The body counts. Three people managed to write about that this summer. At the end of June, Nancy A. Youssef's"U.S.: Civilian deaths feeding insurgency" revealed that the military was keeping a count, had been since at least July 2005. Should have been big news. Few bothered to cover it. Two who did were Aaron Glantz ("Pentagon: Tell Us How Many Civilians You've Killed") and Juliana Lara Resende ("50,000 Dead, But Who's Counting?"). Not only did few bother to cover it, but some reports, after the news broke, were written by people who were apparently unaware that a count existed (or maybe just that it had been exposed). Tavernise's report may come as a shock to many Times readers since, at best, this count has been alluded to in previous reporting (more often it's been ignored or alluded to).

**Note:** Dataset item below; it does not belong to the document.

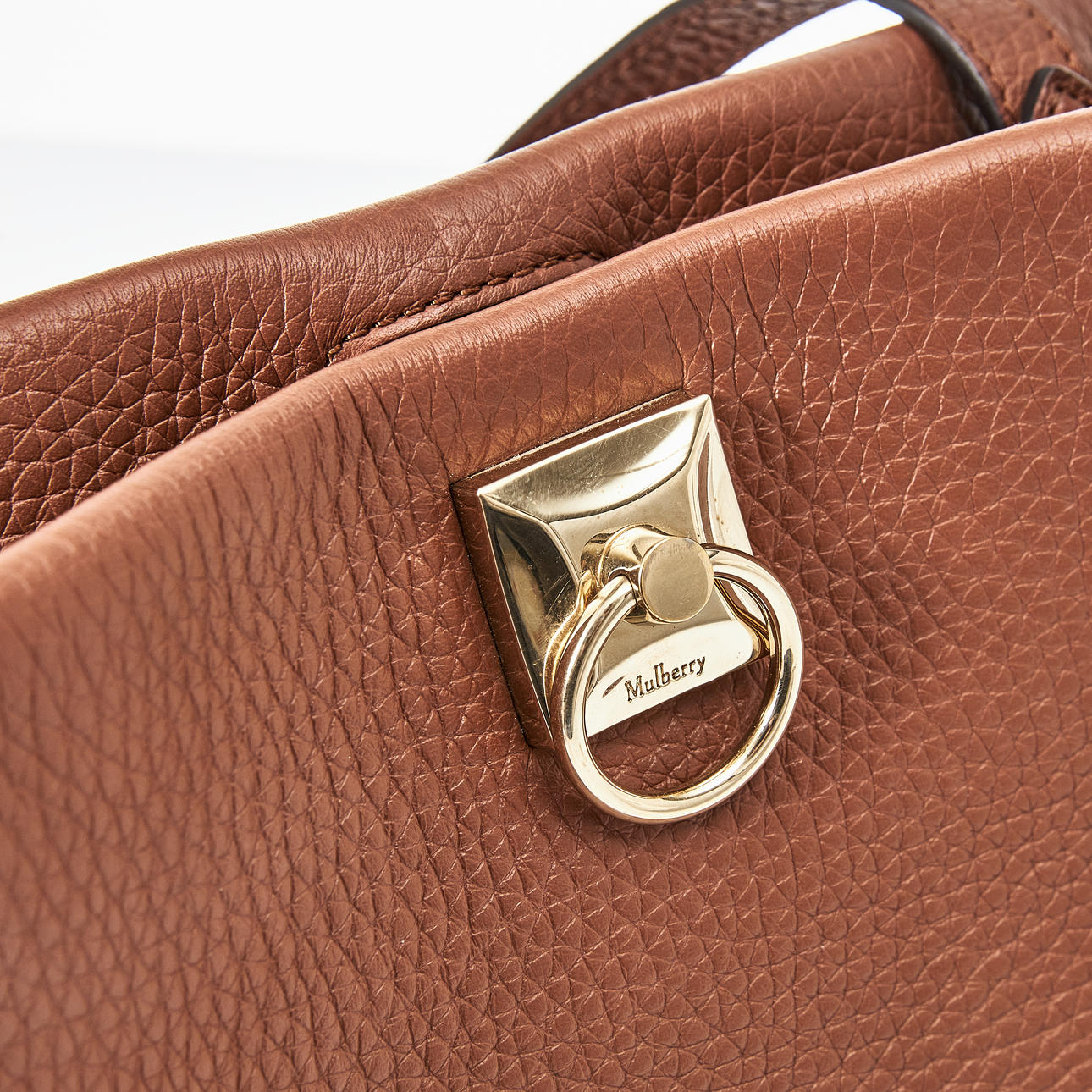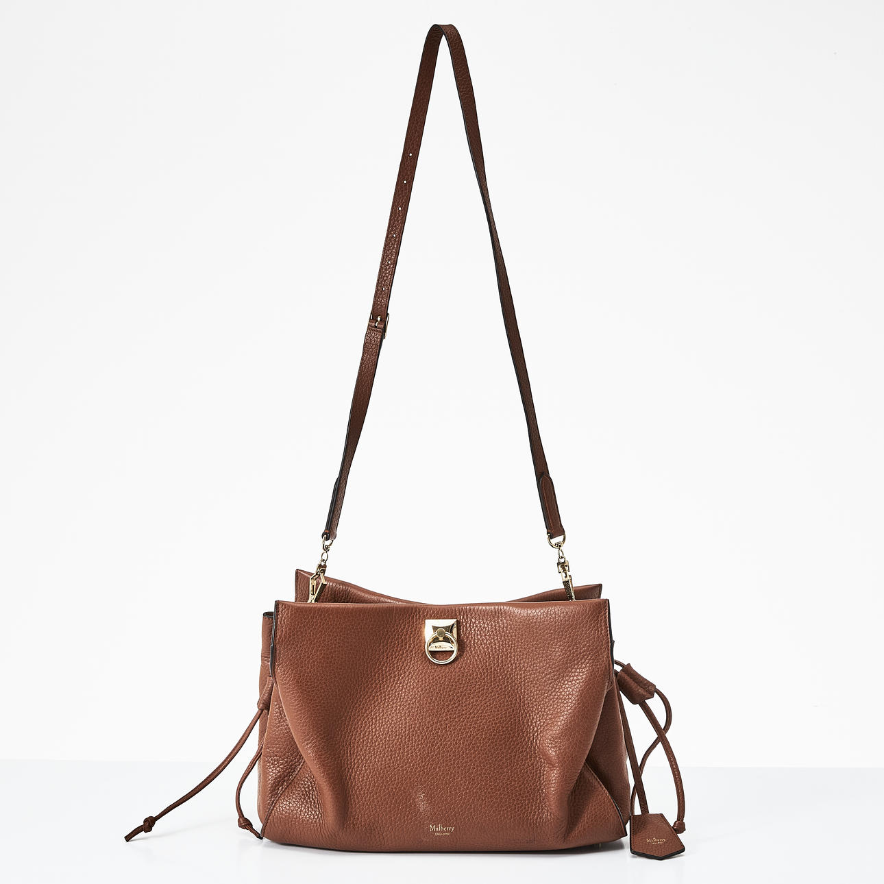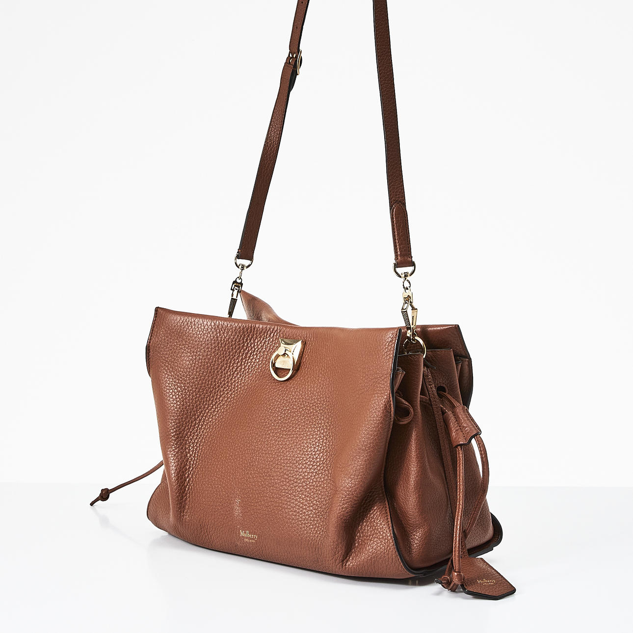 Embossed, brown leather, front detail in yellow metal, drawstring at the sides, magnetic closure, adjustable and removable crossbody strap, lined in matching suede, inside with two pockets, one with zipper, marked "Mulberry England”, clochette with keychain, dimensions approx. 35 x 26 x 16 cm.

The press, the big press, could have long ago demanded that the military release its count (which is surely an undercount -- we noted that before the count broke this summer), they could have filed freedom of information release requests, they could have used their editorials to demand that the American people have access to the information their tax dollars pay for. Didn't happen. Will it ever?

Who knows. But some readers of today's Times may be a little confused because reality on this issue (as well as many others) has been hidden from them for so long.